L’apparente placidità degli ambienti sotterranei giuliani è stata recentemente turbata dall’insediamento di un inquilino inatteso e potenzialmente impattante: la Chiocciola di Fango Neozelandese ( *Potamopyrgus antipodarum*).
Questo piccolo mollusco, apparentemente innocuo, possiede una capacità riproduttiva e un’abilità di adattamento tali da configurarlo come una specie invasiva di notevole preoccupazione ecologica.
In contesti ecosistemici idonei, la *Potamopyrgus antipodarum* è in grado di raggiungere densità impressionanti, superando in alcune aree il mezzo milione di esemplari per metro quadrato.
Questa proliferazione esponenziale le permette di monopolizzare una porzione significativa delle risorse nutritive disponibili, spesso fino al 75%, a discapito di altre specie autoctone.
L’effetto domino è complesso: la competizione per il cibo si traduce in una riduzione della biomassa di organismi sensibili, con possibili ripercussioni sulla catena trofica e, in ultima analisi, sulla pescosità delle acque.
Oltre ai danni diretti all’ecosistema acquatico, la chiocciolina può anche generare problematiche di natura meccanica, ostruendo condotte idriche e sistemi di filtrazione.
L’origine della presenza neozelandese nelle acque dell’Acquedotto Teresiano, opera ingegneristica asburgica che si snoda sotto Trieste, rimane avvolta nel mistero.
L’ipotesi più accreditata, formulata dalle autorità comunali, la fa risalire al periodo della liberazione della città, suggerendo un trasporto accidentale ad opera di truppe provenienti dalla Nuova Zelanda.

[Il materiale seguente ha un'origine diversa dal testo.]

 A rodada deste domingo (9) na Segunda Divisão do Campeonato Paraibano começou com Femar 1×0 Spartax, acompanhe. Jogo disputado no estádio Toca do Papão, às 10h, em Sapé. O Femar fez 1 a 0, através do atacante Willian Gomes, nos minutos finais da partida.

Questa possibilità sottolinea la pericolosità del fenomeno delle specie aliene, spesso introdotte in modo involontario a causa delle attività umane, con conseguenze imprevedibili e difficili da gestire.
La conferma della presenza del mollusco è frutto di un’iniziativa scientifica internazionale, condotta da ricercatori slovacchi e tedeschi, e coordinata con istituzioni locali come il Museo Civico di Storia Naturale di Trieste, il Dipartimento di Scienze della Vita dell’Università di Trieste e la Società Adriatica di Speleologia.

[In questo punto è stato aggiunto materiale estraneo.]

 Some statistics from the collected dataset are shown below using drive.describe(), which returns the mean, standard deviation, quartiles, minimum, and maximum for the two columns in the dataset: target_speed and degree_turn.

La collaborazione tra ricercatori di diverse nazionalità testimonia l’importanza di un approccio multidisciplinare per affrontare problematiche ambientali transnazionali.
Nonostante l’impatto potenziale sia chiaro in altri ambienti, gli effetti specifici della *Potamopyrgus antipodarum* nelle acque sotterranee giuliane rimangono ancora da definire.
Si spera che le condizioni ambientali estreme tipiche degli acquedotti, come la scarsa illuminazione e le limitate risorse, possano frenarne la proliferazione e mitigarne l’impatto sulla fragile biodiversità locale.
Tuttavia, l’incertezza richiede un monitoraggio costante e un’azione preventiva.
Le autorità comunali, a partire da Piazza Unità d’Italia, hanno annunciato un’estensione delle indagini ad altri corsi d’acqua della regione, nel tentativo di individuare eventuali ulteriori focolai e valutare l’estensione del fenomeno invasivo.
Parallelamente, si raccomanda con forza l’adozione di misure di biosicurezza, come la pulizia accurata di attrezzature e calzature, per prevenire la diffusione accidentale della specie in nuovi ambienti.
La gestione di questo nuovo scenario ecologico rappresenta una sfida complessa che esige consapevolezza, cautela e un impegno costante a tutela del patrimonio naturale giuliano.